1. Add a new, empty code block below to generate 
    1. A table showing the total invoices per year using the 'yr_sums' dataframe
    1. A plot of the table
1. After the code block, add a Markdown block to interpret the data

In [11]:
# Group the data by vendor
# do a bit of summarizing per vendor

per_vendor = ckbk.groupby("NAME1")
cols = ["vendor", "total_ct_invoices", 
        "sum_invoiced", "avg_invoice", "avg_billed_duration"]
pv = pd.DataFrame(columns=cols)
for name, group in per_vendor:
    ct_inv = len(group)
    sum_inv = group["INVOICE AMOUNT"].sum()
    sum_ttp = group["billed_duration"].sum()
    avg_inv = round(sum_inv / ct_inv, 2)
    avg_ttp = round(sum_ttp / ct_inv, 2)
    pv = pv.append(pd.DataFrame([[name, ct_inv, sum_inv, avg_inv, avg_ttp]], 
                                columns=cols))
    
# We will also sort the new dataframe by amount invoiced per vendor
# with the vendors receiving the most money at the top
pv.sort_values(by=["sum_invoiced"], inplace=True, ascending=False)

Now:
    
1. Add a new, empty code block below to generate 
    1. A table showing the first five vendors in the 'pv' dataframe 
    1. A plot of the first five vendors in the 'pv' dataframe
1. After the code block, add a Markdown block to interpret the data

Looking at the data in both of our grouped dataframes, what other trends can we explore?

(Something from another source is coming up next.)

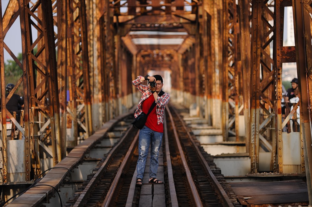 Bất chấp việc vi phạm hành lang an toàn đường sắt, nhiều bạn trẻ và khách nước ngoài vẫn vô tư chụp ảnh tạo dáng giữa đường ray tàu hỏa của cầu Long Biên chỉ vì một vài bức ảnh "độc".
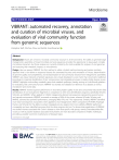 Kieft et al. Microbiome (2020) 8:90 https://doi.org/10.1186/s40168-020-00867-0 METHODOLOGY Open Access VIBRANT: automated recovery, annotation and curation of microbial viruses, and evaluation of viral community function from genomic sequences Kristopher Kieft, Zhichao Zhou and Karthik Anantharaman* Abstract Background: Viruses are central to microbial community structure in all environments. The ability to generate large metagenomic assemblies of mixed microbial and viral sequences provides the opportunity to tease apart complex microbiome dynamics, but these analyses are currently limited by the tools available for analyses of viral genomes and assessing their metabolic impacts on microbiomes. Design: Here we present VIBRANT, the first method to utilize a hybrid machine learning and protein similarity approach that is not reliant on sequence features for automated recovery and annotation of viruses, determination of genome quality and completeness, and characterization of viral community function from metagenomic assemblies. VIBRANT uses neural networks of protein signatures and a newly developed v-score metric that circumvents traditional boundaries to maximize identification of lytic viral genomes and integrated proviruses, including highly diverse viruses. VIBRANT highlights viral auxiliary metabolic genes and metabolic pathways, thereby serving as a user-friendly platform for evaluating viral community function. VIBRANT was trained and validated on reference virus datasets as well as microbiome and virome data. Results: VIBRANT showed superior performance in recovering higher quality viruses and concurrently reduced the false identification of non-viral genome fragments in comparison to other virus identification programs, specifically VirSorter, VirFinder, and MARVEL. When applied to 120,834 metagenome-derived viral sequences representing several human and natural environments, VIBRANT recovered an average of 94% of the viruses, whereas VirFinder, VirSorter, and MARVEL achieved less powerful performance, averaging 48%, 87%, and 71%, respectively. Similarly, VIBRANT identified more total viral sequence and proteins when applied to real metagenomes. When compared to PHASTER, Prophage Hunter, and VirSorter for the ability to extract integrated provirus regions from host scaffolds, VIBRANT performed comparably and even identified proviruses that the other programs did not. To demonstrate applications of VIBRANT, we studied viromes associated with Crohn’s disease to show that specific viral groups, namely Enterobacteriales-like viruses, as well as putative dysbiosis associated viral proteins are more abundant compared to healthy individuals, providing a possible viral link to maintenance of diseased states. (Continued on next page) * Correspondence: karthik@bact.wisc.edu Department of Bacteriology, University of Wisconsin–Madison, Madison, WI 53706, USA © The Author(s). 2020 Open Access This article is licensed under a Creative Commons Attribution 4.0 International License, which permits use, sharing, adaptation, distribution and reproduction in any medium or format, as long as you give appropriate credit to the original author(s) and the source, provide a link to the Creative Commons licence, and indicate if changes were made. The images or other third party material in this article are included in the article's Creative Commons licence, unless indicated otherwise in a credit line to the material. If material is not included in the article's Creative Commons licence and your intended use is not permitted by statutory regulation or exceeds the permitted use, you will need to obtain permission directly from the copyright holder. To view a copy of this licence, visit http://creativecommons.org/licenses/by/4.0/. The Creative Commons Public Domain Dedication waiver (http://creativecommons.org/publicdomain/zero/1.0/) applies to the data made available in this article, unless otherwise stated in a credit line to the data. Kieft et al. Microbiome (2020) 8:90 Page 2 of 23 (Continued from previous page) Conclusions: The ability to accurately recover viruses and explore viral impacts on microbial community metabolism will greatly advance our understanding of microbiomes, host-microbe interactions, and ecosystem dynamics. Keywords: Virome, Virus, Bacteriophage, Metagenome, Machine learning, Auxiliary metabolism, Software Background Viruses that infect bacteria and archaea are globally abundant and outnumber their hosts in most environments [1–3]. Viruses are obligate intracellular pathogenic genetic elements capable of reprogramming host cellular metabolic states during infection and can cause the lysis of 20– 40% of microorganisms in diverse environments every day [4, 5]. Due to their abundance and widespread activity, viruses are key facets in microbial communities as they contribute to cycling of essential nutrients such as carbon, nitrogen, phosphorus, and sulfur [6–10]. In human systems, viruses have been implicated in contributing to dysbiosis that can lead to various diseases, such as inflammatory bowel diseases, or even have a symbiotic role with the immune system [11–13]. Viruses harbor vast potential for diverse genetic content, arrangement, and encoded functions [14–17]. Recognizing their genetic diversity, there has been substantial interest in “mining” these viral sequences for novel anti-microbial drug candidates, enzymes for biotechnological applications, and for bioremediation [18– 22]. Recently, it has been appreciated that viruses may directly link biogeochemical cycling of nutrients by specifically driving metabolic processes [23–27]. For example, during infection, viruses can acquire 40–90% of their required nutrients from the surrounding environment by taking over and subsequently directing host metabolism [28–30]. To manipulate host metabolic frameworks, some viruses selectively “steal” metabolic genes from their host. These host-derived genes,

On your own and using our code above as examples, sort and plot the data to highlight one of these trends. Create new code and Markdown blocks as needed to accomplish this.

## Discussion

Add a few sentences to discuss the impact of the COVID-19 pandemic on city spending, as evidenced by the data.


## Conclusion

Summarize the research and additional research topics to explore that can further highlight the effect of the pandemic on city spending.